Quote every line of the data below as it stands, omitting pictures.
═══ Information shown
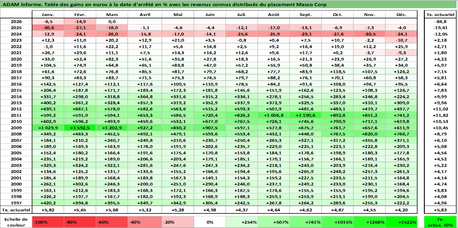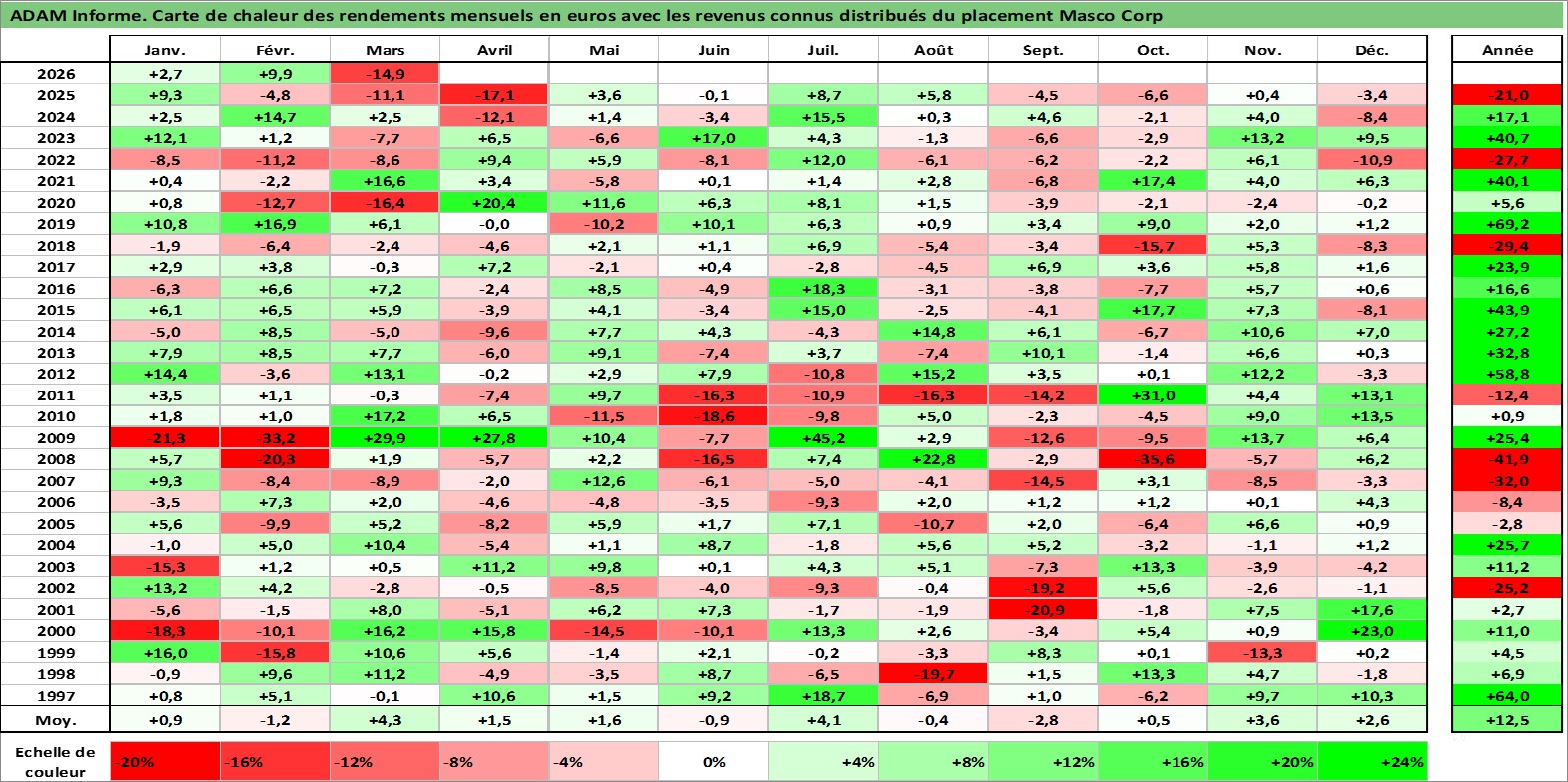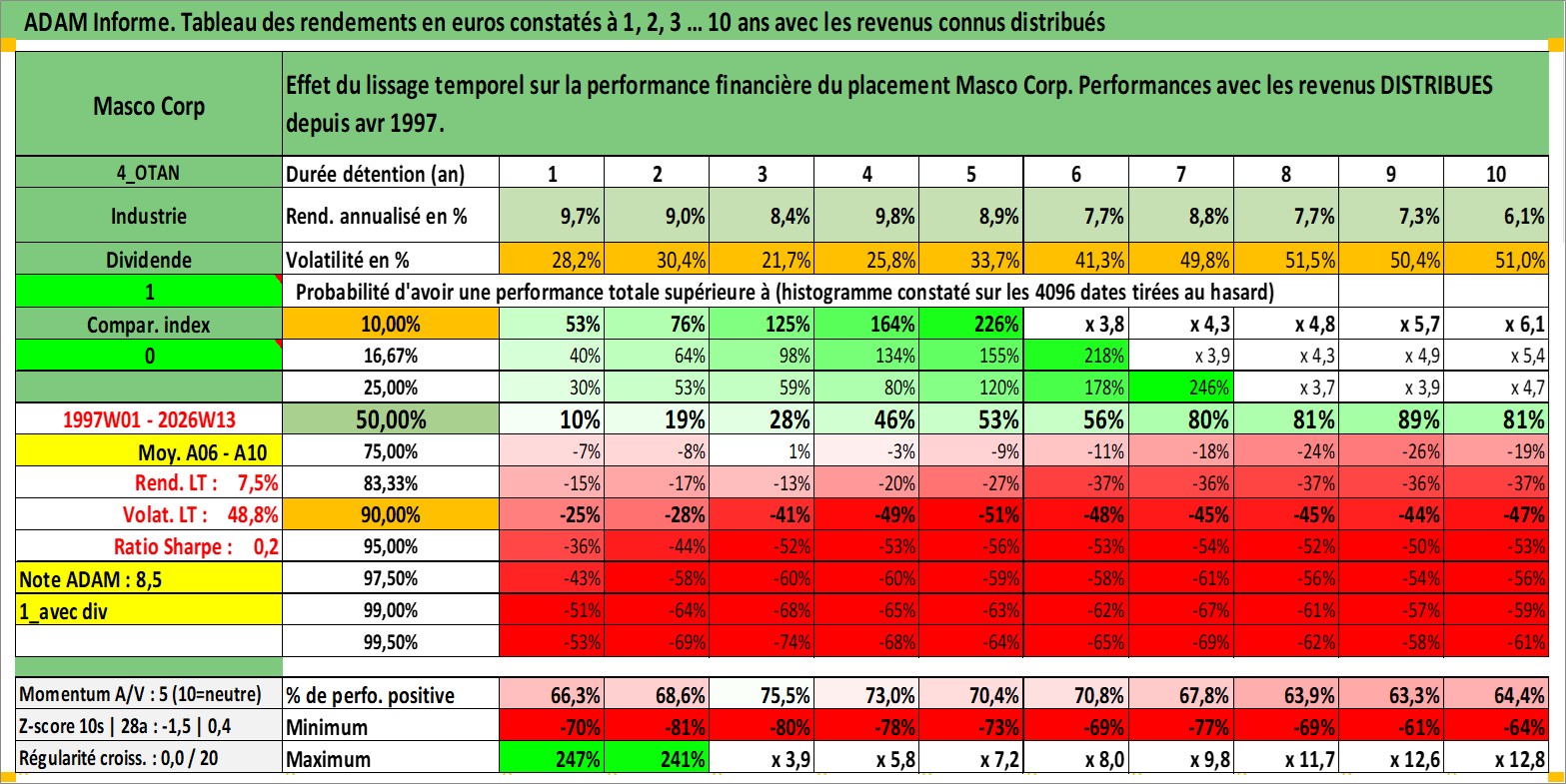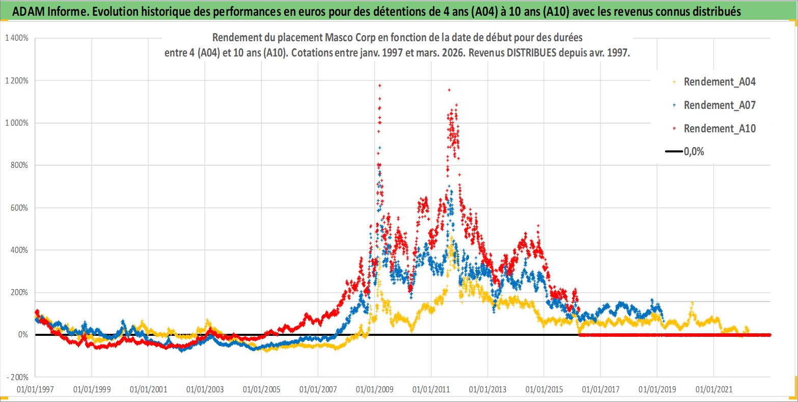 Site dédié aux investisseursPage dédiée sur site financeAnalyse des valorisations hebdomadaires de l'action Masco Corp. Cet actif est cote en USD. Les valorisations sont en contrevaleur EURO et couvrent les semaines 1997W01 a 2026W13. Les revenus de cet actif financier sont pris en compte depuis la semaine 1997W14. La note globale ESG de cet actif est estimee a 9.0 (apres rebasage entre 0 et 20).
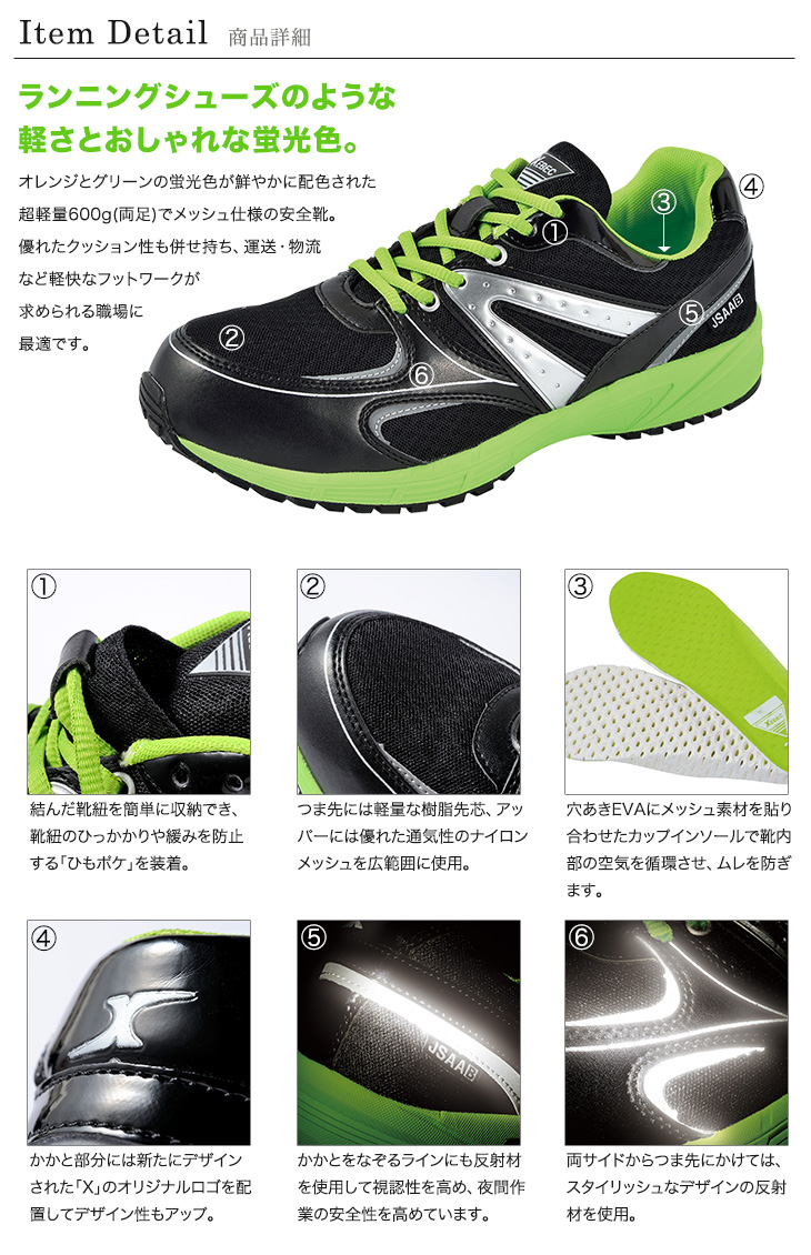 蛍光色が鮮やかに配置されたおしゃれで軽い安全靴。
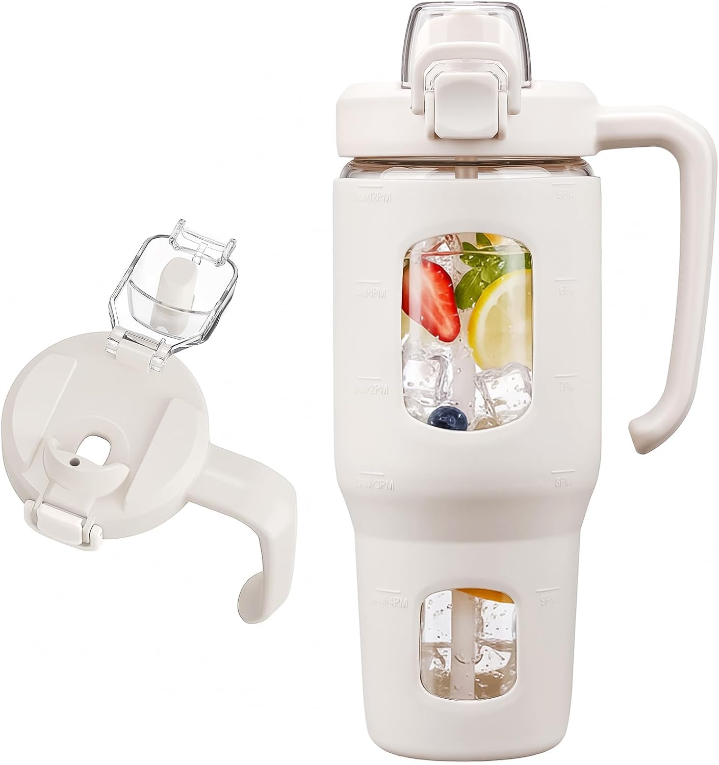 - 2-IN-1 LID: 32oz Glass tumbler features ergonomic handle and silicone sleeve boot for added protection and secure non-slip base. Crafted from thick borosilicate glass, it's ideal for home, office, or gym workout use. The glass cup enables two ways to drink water : sip and chug with convenient 2-in-1 lid, perfect for busy on the go.
══════
Exercise response:
 Site dédié aux investisseursPage dédiée sur site financeAnalyse des valorisations hebdomadaires de l'action Masco Corp. Cet actif est cote en USD. Les valorisations sont en contrevaleur EURO et couvrent les semaines 1997W01 a 2026W13. Les revenus de cet actif financier sont pris en compte depuis la semaine 1997W14. La note globale ESG de cet actif est estimee a 9.0 (apres rebasage entre 0 et 20).
 蛍光色が鮮やかに配置されたおしゃれで軽い安全靴。
 - 2-IN-1 LID: 32oz Glass tumbler features ergonomic handle and silicone sleeve boot for added protection and secure non-slip base. Crafted from thick borosilicate glass, it's ideal for home, office, or gym workout use. The glass cup enables two ways to drink water : sip and chug with convenient 2-in-1 lid, perfect for busy on the go.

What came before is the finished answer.